C’è un altro testo in cui S. Weil affronta il tema della forza capace di contrastare l’odio distruttivo. Si tratta di Attesa di Dio (a cura di Maria Concetta Sala, Adelphi, 2008). Leggiamo insieme alcune perle del suo pensiero: Amiamo la patria terrena. Essa è reale e resiste all’amore. È lei che Dio ci ha dato di amare; e ha voluto che ciò fosse difficile, ma possibileAd un certo punto, riferendosi alla morale laica delle istituzioni, continua così: Finché nella vita sociale ci sarà la sventura, finché l’elemosina legale o privata e il castigo saranno inevitabili, la separazione fra istituzioni civili e vita religiosa sarà un delitto. L’idea laica, in sé … può essere giustificabile solo come reazione contro una religione totalitaria … La religione per poter essere presente dappertutto, non solo non deve essere totalitaria ma deve mantenersi rigorosamente sul piano dell’amore soprannaturale, l’unico che le si addice. Se così fosse penetrerebbe dappertutto … Il concetto di morale laica è un’assurdità appunto perché la volontà è impotente a produrre salvezza. Ciò che si chiama morale, infatti, fa appello solo alla volontàE proprio a ciò che essa ha, per così dire, di più muscolare.
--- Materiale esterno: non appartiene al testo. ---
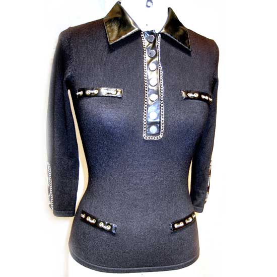 This ladies' T-shirt features a club collar, a 7-button placket and convertible 3/4 length sleeves. The shiny faux leather collar and placket give this wear a chic look. With rayon and nylon blended construction, the T-shirt is warm, soft and lightweight.
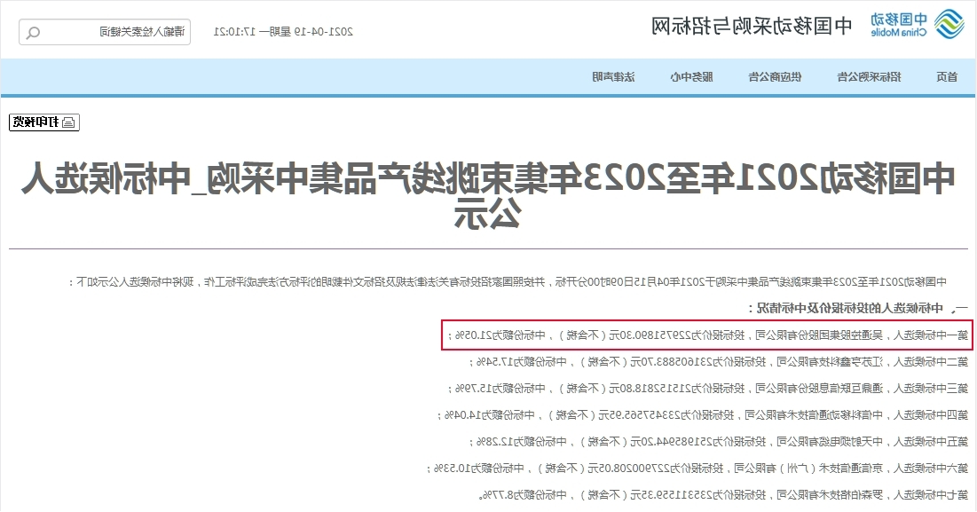 吴通控股集团以第一名身份 再次成功中标中国移动集束跳线集采项目

Quando la religione cessa di essere totalitaria può accadere quello che abbiamo visto durante i funerali per Valeria Solesin, una delle vittime delle stragi del 13 novembre a Parigi. In una gremita Piazza San Marco si sono svolti i funerali laici ai quali hanno preso parte rappresentanti delle religioni cattolica, ebraica e musulmana in forma congiunta. La Comunità islamica di Venezia nel corso della cerimonia ha detto: “Valeria, la nostra comunità vuole dirti che non in nome del nostro Dio, non in nome della nostra religione, che è una religione di pace, e certamente non nel nostro nome, ti hanno assassinato”; e l’imam di Venezia Hamad Al Mohamad ha così pregato: “Chiediamo ad Allah che abbia Valeria e tutte le vittime nella sua gloria e di aiutare la sua famiglia e di proteggere l’Europa, l’Italia e questa città dal male e di pacificare le nostre anime”. E i rappresentanti dell’Unione delle comunità islamiche: “Valeria, i tuoi assassini hanno fallito perché non sono riusciti a instillare l’odio in noi e oggi siamo tutti qui per te. Il terrorismo va sconfitto, e per primi devono farlo i mussulmani che ne sono le prime vittime”.

A questo punto io do ragione a Adriana Sbrogiò: lei è una mistica dell’amore, soprattutto per il suo desiderio profondo di rompere la catena dell’odio.

Lo è anche papa Francesco. Egli infatti sta suscitando nel mondo grandi speranze di pace con la sua coraggiosa pastorale fondata non su una morale religiosa nella quale dominano le virtù terrene, ma sull’amore evangelico puro e semplice. La morale è come la trippa, diceva mia madre, la tiri come ti piace. Vedi la strumentalizzazione fatta dalla lega nord sui canti di Natale proibiti nella scuola primaria di Rozzano.

E noi donne femministe? Di autorità e libertà femminile nel mondo ne esiste ancora molta. Il mio invito è quello di riconoscerla, proteggerla, potenziarla per non farcela sottrarre, a cominciare da quelle grandi mistiche che sono, appunto, Simone Weil, Teresa d’Avila, Margherita Porete, e tante, tante altre Amiche di Dio.